Top of GIVEN RECORDS
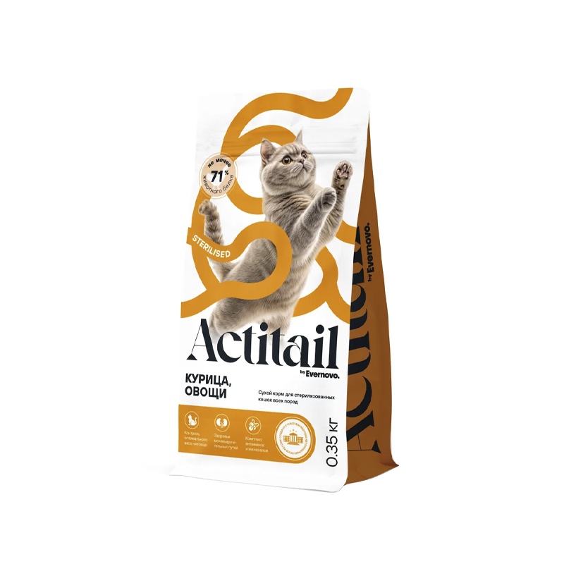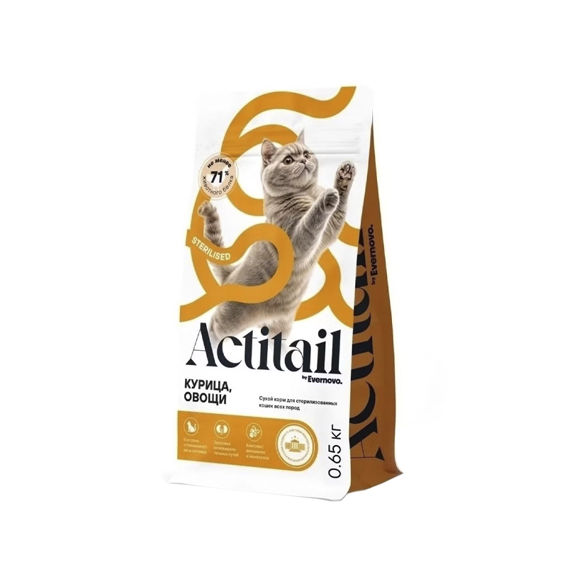 Корм сухой полнорационный Actitail с курицей и добавлением овощей — идеальное питание для стерилизованных кошек! Рацион с высоким содержанием животного белка (71%), включающий 43% курицы, разработан ветеринарными диетологами, чтобы обеспечить полноценное питание домашних питомцев. Корм с оптимальным количеством белков и низким количеством жира поддерживает здоровый вес животного. Полнорационный продукт для кормления кошки после стерилизации содержит пониженное содержание кальция, фосфора и магния для профилактики мочекаменной болезни и L-карнитин для контроля веса животного. Корм содержит уникальный комплекс Eo Sterilised с клюквой, брусникой и растительной клетчаткой для поддержания здоровья мочевыводящих путей и комфортного пищеварения. В состав входят куриный жир, комплекс витаминов и минералов.
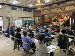 | 何ともあろうことか写真を撮り忘れて しまいました(涙) 当日ご参加下さった方々、ご門徒さん 楽しみにして頂いてる方々 今、このHPをご覧頂いている方・・・ ごめんなさい 14時より 本堂にて基本講座を行いました。 初めての開催で緊張や不安でいっぱいでしたが 多くの方々にご参加頂きまして大変うれしく 思っています。 どうも有難うございました! 講座開催の趣旨説明から始まり お寺に来られた際 境内地に入る際、出る際の作法 本堂に入る際、出る際の作法 ご自宅や本堂でのお参りの仕方 お経をお勤めするお参りや お経をお勤めしない時のお参りの仕方 ふさわしくない言葉 ふさわしい言葉、本堂内の名称 等々・・・。 この様なご質問を頂きました いくつかご紹介しますね! ・お線香は何本お供えしたらいいのですか? ・仏さまへのお供え物はどんな気持ちで お供えしたらよいのですか? ・お仏飯はいくつお供えするの?等々です。 講座終了後には1F広間にて 茶話会を行いました。 この度のスイーツはロールケーキ (堂島ロール)と京都のお漬物 (白菜・大根・しば漬け)でした。 皆さまとで和気あいあいと楽しい時間を 過ごす事が出来ました! この基本講座・茶話会を通して 少しづつでも皆さまの心のモヤモヤが はれて、法事や日々のお参りのお役に立てれば 法要でのお聴聞のお役に立てれば、又、茶話会を 通して人と人とのつながりのパイプが 太くなって頂けたらなあ・・・ と思っています。 称名 |
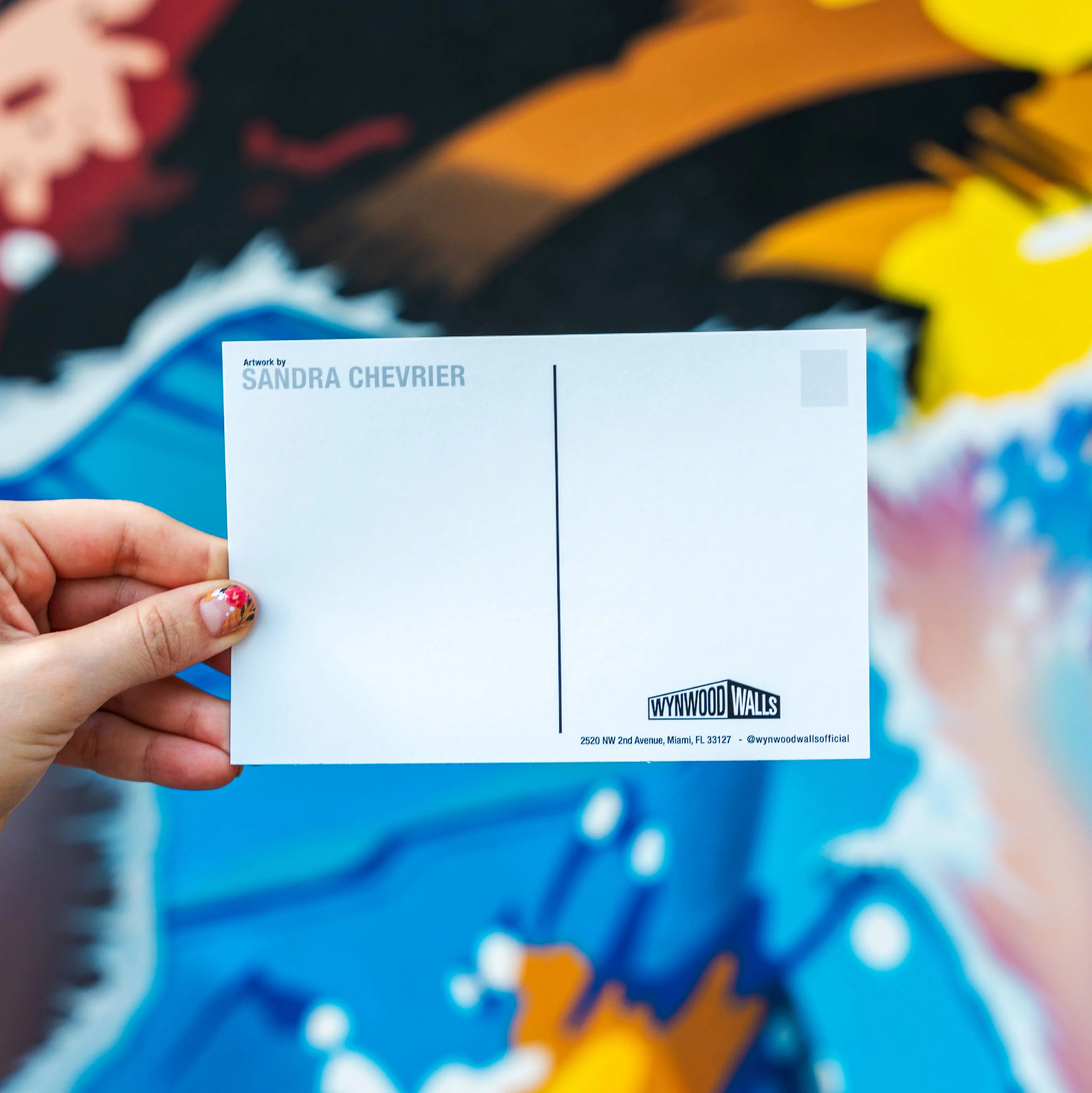 - What makes this postcard a collector’s item? This postcard is part of a limited edition series exclusively featuring artwork by Sandra Chevrier, showcased at the iconic Wynwood Walls.
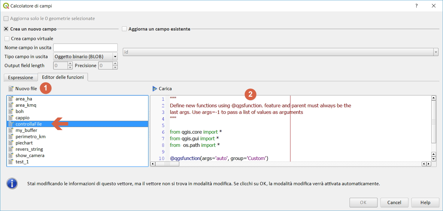 selezionare il tab ‘editor delle funzioni‘, cliccare su ‘nuovo file‘ (dare un nome a piacere) e incollare lo script python di sopra, infine carica.
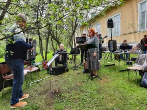 Nautittiinpa kevätriehassa keväästä ja hyvästä seurasta omenapuiden katveessa ja vanhan puukoulun idyllissä. – Kiitämme kaikkia mukana olleita talkoolaisia, ohjelmansuorittajia, myyjiä ja kävijöitä. Tunnelma oli iloinen ja kohtaamisista ja yhdessä tekemisestä saimme kukin hyvän mielen. Annetaan kesän nyt tulla!
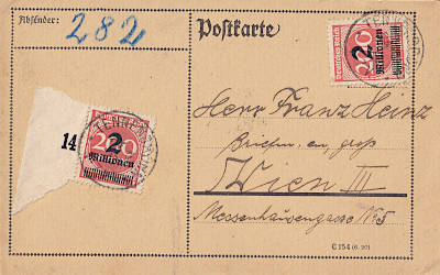 Foreign postcard from 24.10.1923 franked with 2 stamps a 2 Million Mark on 200 Mark (=4 Million Mark)
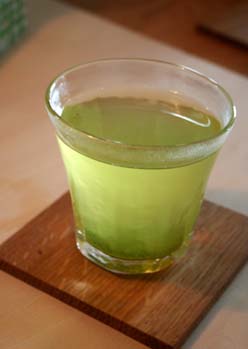 これは温かいお茶ですが、私がこれで飲みたいと厚いグラスを選んで、これでいただきました。
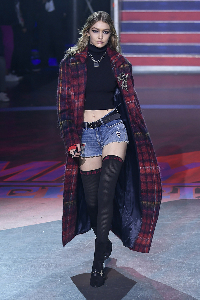 Like P.T. Barnum himself, Hilfiger had a host of sideshows up his sleeve, too. On the periphery of the circular show space, guests grazed on mini cheeseburgers, hot dogs, chips and wine; they perused merch from pop-up shops selling Tommy Hilfiger vintage, Tommy x Gigi, and Gigi collections; and got T-shirts, bags and buttons customized. A poster-making booth offered guests the chance to pose alongside pictures of Hadid.
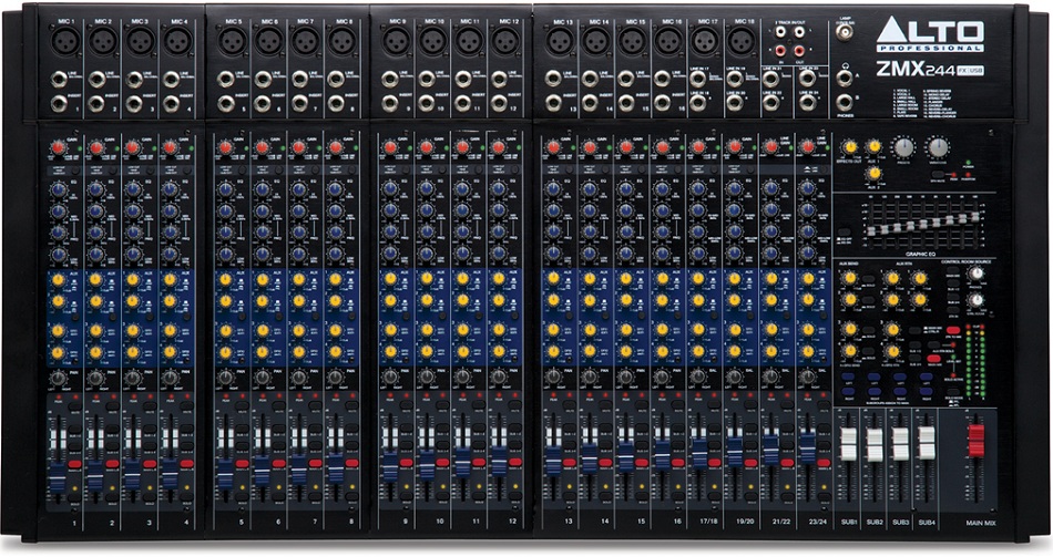 Alto Professional Zephyr ZMX244FX USB - это 24-канальный, микшер с гибкой маршрутизацией, эквалайзером и процессором эффектов. Пульт имеет 18 микрофонных входов с разъемами XLR и TRS, 3-х полосным эквалайзером с параметрической серединой и обрезным фильтром, а также 4 стерео входа с 4-полосным эквалайзером, 60 мм высокоточные фейдеры и 4 AUX шины. ZMX244FX USB дает все возможности, которые необходимы микшерному пульту при живом исполнении.
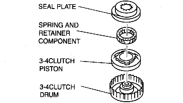 Caution: Installing the 3-4 clutch piston may damage its seal. Carefully install the 3-4 clutch piston by pushing evenly around the circumference.
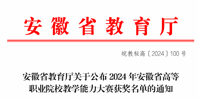 近日,安徽省教育厅公布了2024年安徽省职业院校教学能力大赛获奖名单。我校教师凭借良好的团队精神,扎实的教学功底,喜获二等奖1项,三等奖4项。
Bottom of GIVEN RECORDS
- _BRIEF_
From the listing above, please give again the lines that begin with the line holding "これは温かいお茶ですが、私が" and go on through the line holding "Like P.T. Barnum", exactly, both ends included, minus any picture.

- _ANSWER TO THIS EXERCISE_
 これは温かいお茶ですが、私がこれで飲みたいと厚いグラスを選んで、これでいただきました。
 Like P.T. Barnum himself, Hilfiger had a host of sideshows up his sleeve, too. On the periphery of the circular show space, guests grazed on mini cheeseburgers, hot dogs, chips and wine; they perused merch from pop-up shops selling Tommy Hilfiger vintage, Tommy x Gigi, and Gigi collections; and got T-shirts, bags and buttons customized. A poster-making booth offered guests the chance to pose alongside pictures of Hadid.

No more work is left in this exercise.